» EXERCISE AIM: Below this line is a listing that includes pictures. Copy exactly, and only, the lines from the one containing "金屬筐式的最大優(yōu)點" through the one containing "De woonkamer sluit"; the pictures do not go in the copy.

» INPUT RECORDS:
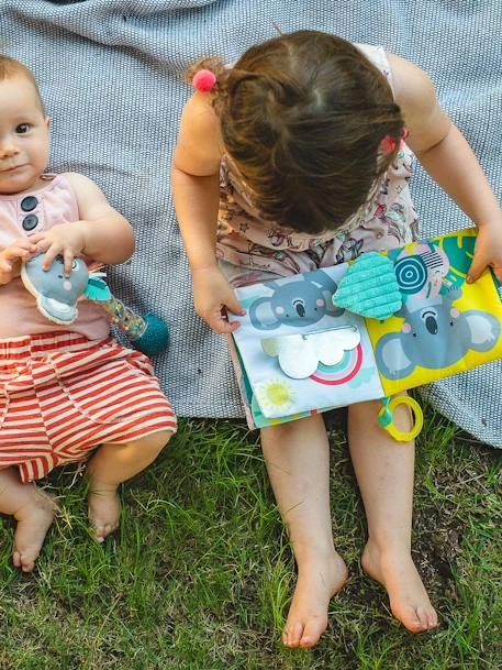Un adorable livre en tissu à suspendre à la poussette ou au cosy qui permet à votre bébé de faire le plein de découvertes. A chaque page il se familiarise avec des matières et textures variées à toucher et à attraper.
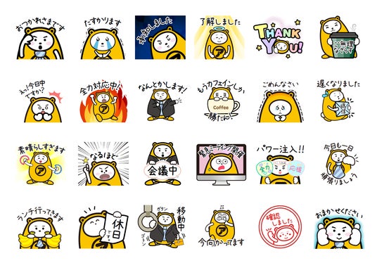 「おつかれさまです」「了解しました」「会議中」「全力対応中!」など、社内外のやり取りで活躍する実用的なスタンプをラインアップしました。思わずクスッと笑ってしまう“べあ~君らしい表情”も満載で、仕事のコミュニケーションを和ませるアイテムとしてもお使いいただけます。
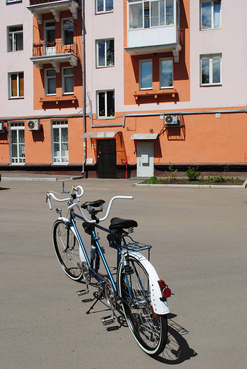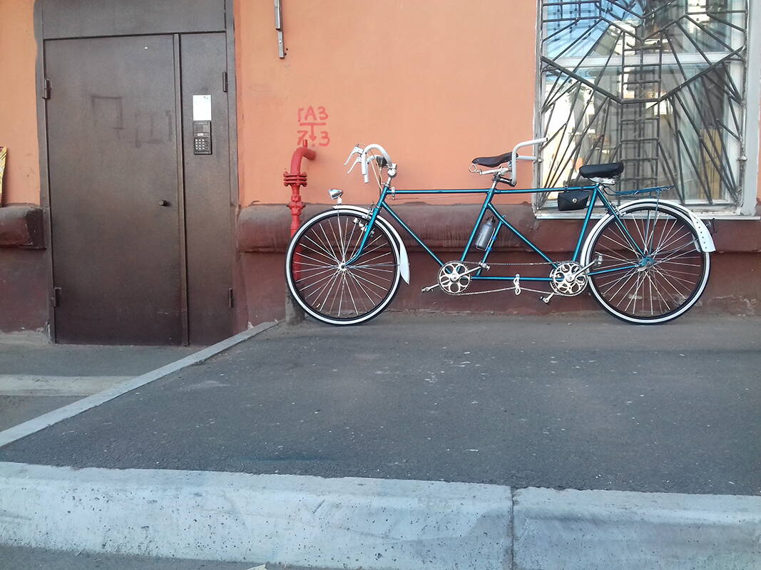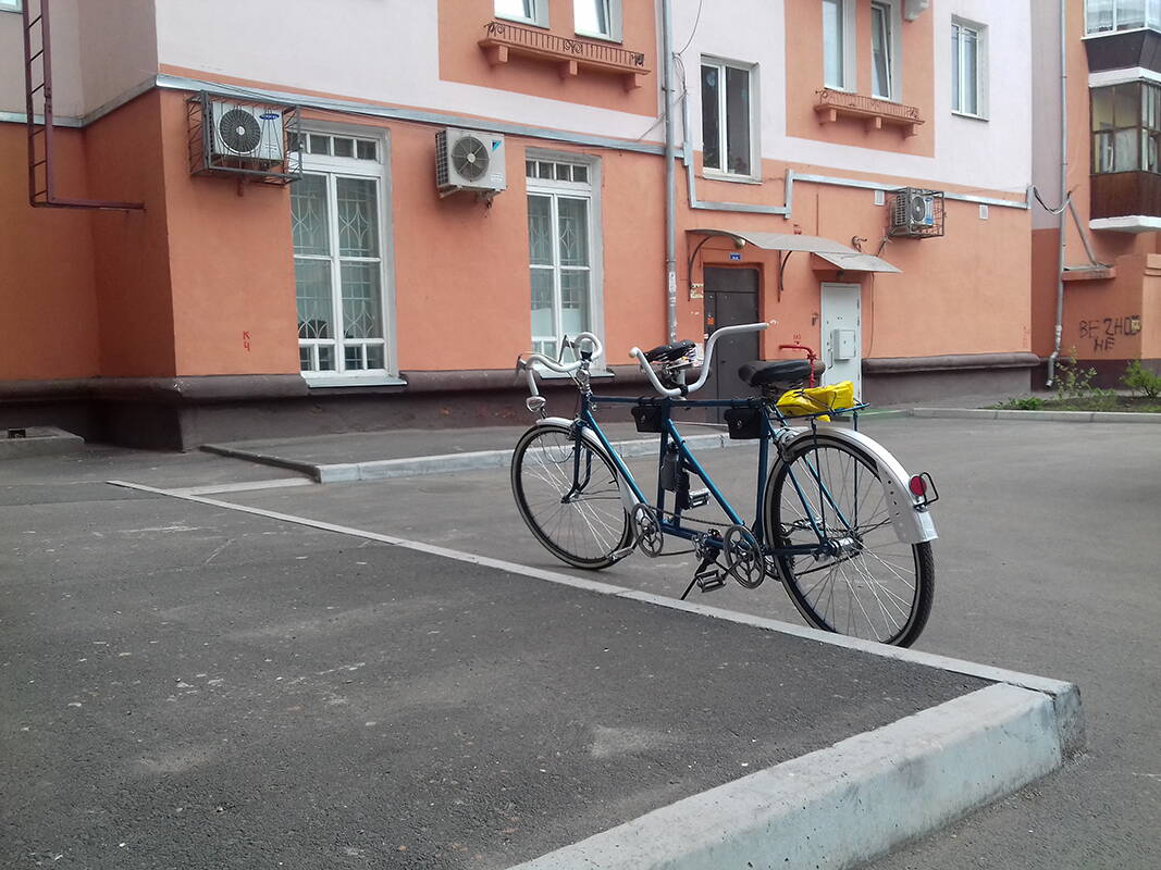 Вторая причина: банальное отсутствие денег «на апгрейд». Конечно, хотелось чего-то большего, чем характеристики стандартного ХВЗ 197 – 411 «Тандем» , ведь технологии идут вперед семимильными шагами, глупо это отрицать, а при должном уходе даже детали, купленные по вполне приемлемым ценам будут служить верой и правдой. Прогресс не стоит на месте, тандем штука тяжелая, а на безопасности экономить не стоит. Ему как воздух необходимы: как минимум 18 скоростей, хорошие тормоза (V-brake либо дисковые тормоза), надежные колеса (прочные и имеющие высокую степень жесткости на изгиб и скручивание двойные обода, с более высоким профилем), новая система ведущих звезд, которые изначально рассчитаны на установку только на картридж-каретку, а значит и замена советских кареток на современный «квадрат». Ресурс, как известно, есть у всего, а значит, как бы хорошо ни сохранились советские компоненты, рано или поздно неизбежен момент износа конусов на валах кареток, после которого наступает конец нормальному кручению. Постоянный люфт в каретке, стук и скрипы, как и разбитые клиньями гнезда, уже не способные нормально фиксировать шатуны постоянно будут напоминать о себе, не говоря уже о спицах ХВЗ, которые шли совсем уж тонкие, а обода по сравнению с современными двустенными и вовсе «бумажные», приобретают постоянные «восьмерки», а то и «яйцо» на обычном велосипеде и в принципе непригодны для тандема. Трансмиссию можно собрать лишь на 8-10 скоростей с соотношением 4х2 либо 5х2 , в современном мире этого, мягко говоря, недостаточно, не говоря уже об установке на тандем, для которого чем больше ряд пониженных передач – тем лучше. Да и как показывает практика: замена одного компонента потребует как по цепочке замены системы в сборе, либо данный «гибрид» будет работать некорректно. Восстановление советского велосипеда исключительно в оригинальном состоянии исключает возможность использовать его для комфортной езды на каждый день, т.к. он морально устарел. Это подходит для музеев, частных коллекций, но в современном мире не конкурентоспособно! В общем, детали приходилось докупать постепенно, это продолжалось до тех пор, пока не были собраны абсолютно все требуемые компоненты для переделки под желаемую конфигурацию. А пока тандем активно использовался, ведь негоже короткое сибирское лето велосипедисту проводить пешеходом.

...

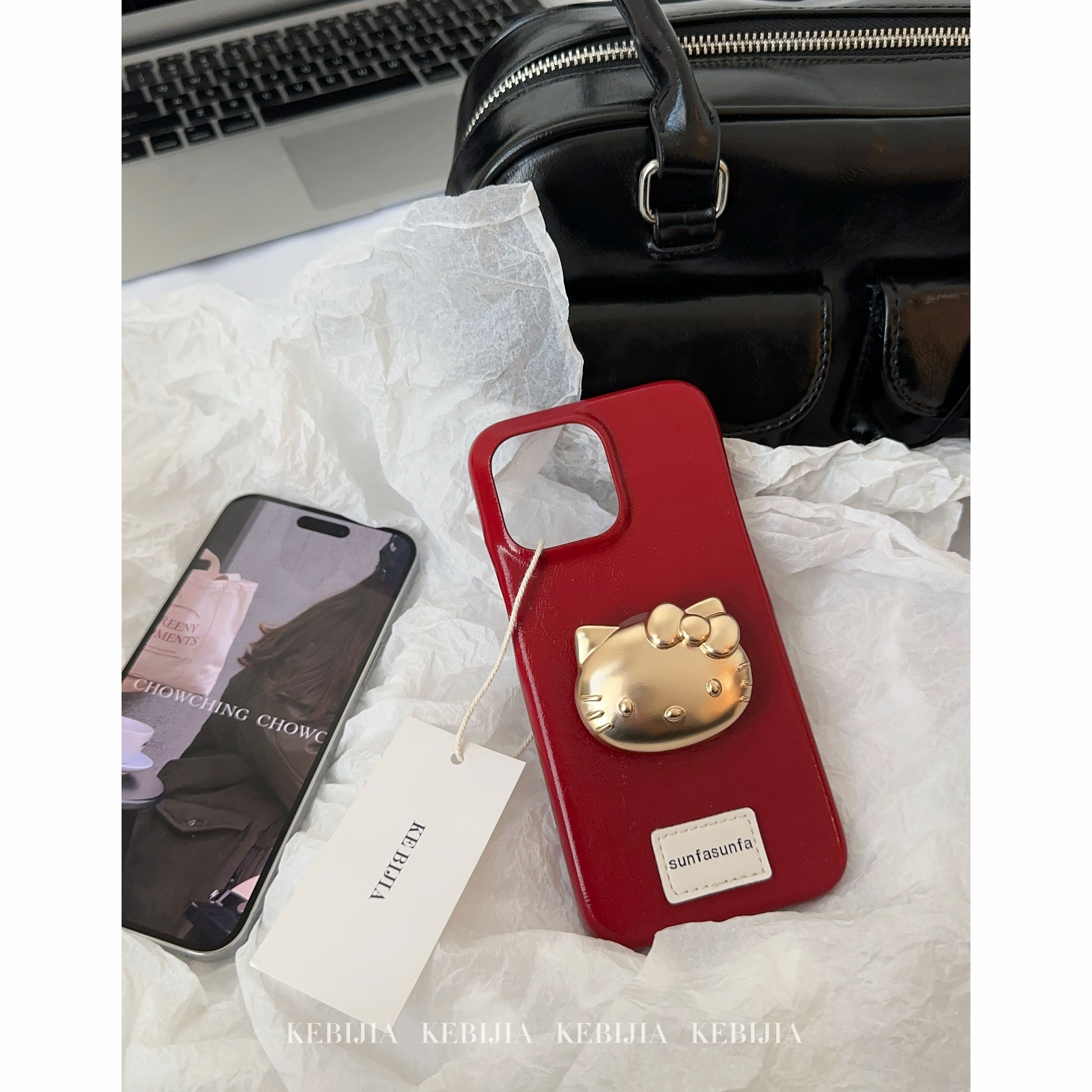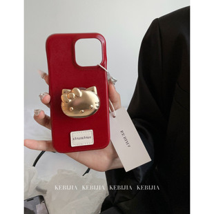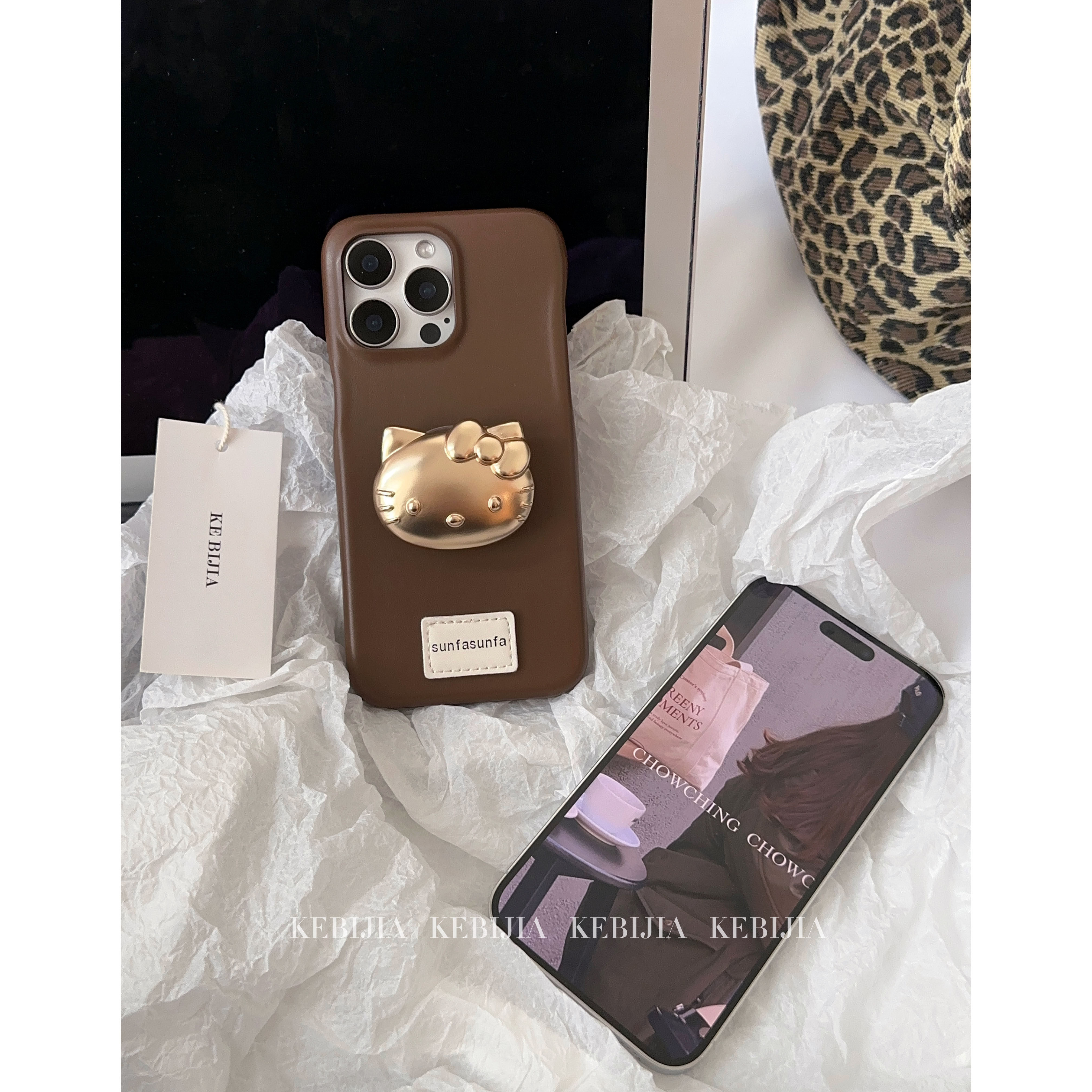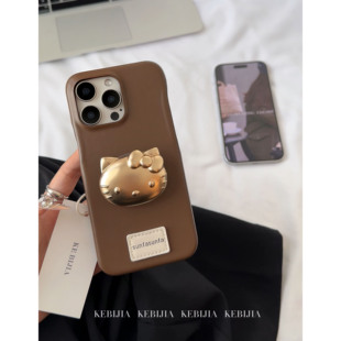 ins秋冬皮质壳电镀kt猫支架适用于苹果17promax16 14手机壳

* * *

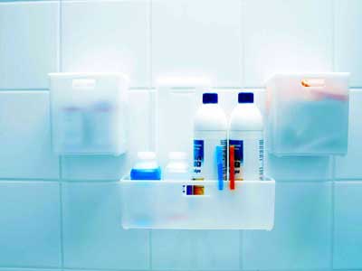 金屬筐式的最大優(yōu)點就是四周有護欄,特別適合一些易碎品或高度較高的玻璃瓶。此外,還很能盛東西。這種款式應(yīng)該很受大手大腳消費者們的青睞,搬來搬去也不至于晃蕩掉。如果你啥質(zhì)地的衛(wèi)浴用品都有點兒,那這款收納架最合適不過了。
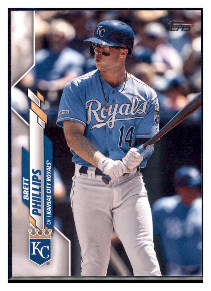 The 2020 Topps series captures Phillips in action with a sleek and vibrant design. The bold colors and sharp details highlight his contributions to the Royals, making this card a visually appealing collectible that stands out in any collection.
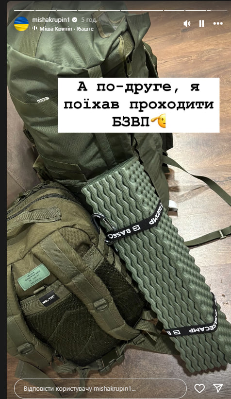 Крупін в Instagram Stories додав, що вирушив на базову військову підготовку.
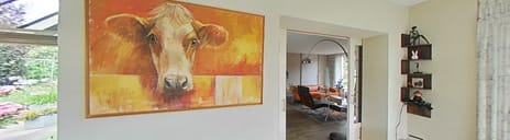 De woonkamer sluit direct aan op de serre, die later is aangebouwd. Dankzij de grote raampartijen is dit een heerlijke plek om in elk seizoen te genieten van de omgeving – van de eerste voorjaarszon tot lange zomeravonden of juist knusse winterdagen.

» RESPONSE AREA:
 金屬筐式的最大優(yōu)點就是四周有護欄,特別適合一些易碎品或高度較高的玻璃瓶。此外,還很能盛東西。這種款式應(yīng)該很受大手大腳消費者們的青睞,搬來搬去也不至于晃蕩掉。如果你啥質(zhì)地的衛(wèi)浴用品都有點兒,那這款收納架最合適不過了。
 The 2020 Topps series captures Phillips in action with a sleek and vibrant design. The bold colors and sharp details highlight his contributions to the Royals, making this card a visually appealing collectible that stands out in any collection.
 Крупін в Instagram Stories додав, що вирушив на базову військову підготовку.
 De woonkamer sluit direct aan op de serre, die later is aangebouwd. Dankzij de grote raampartijen is dit een heerlijke plek om in elk seizoen te genieten van de omgeving – van de eerste voorjaarszon tot lange zomeravonden of juist knusse winterdagen.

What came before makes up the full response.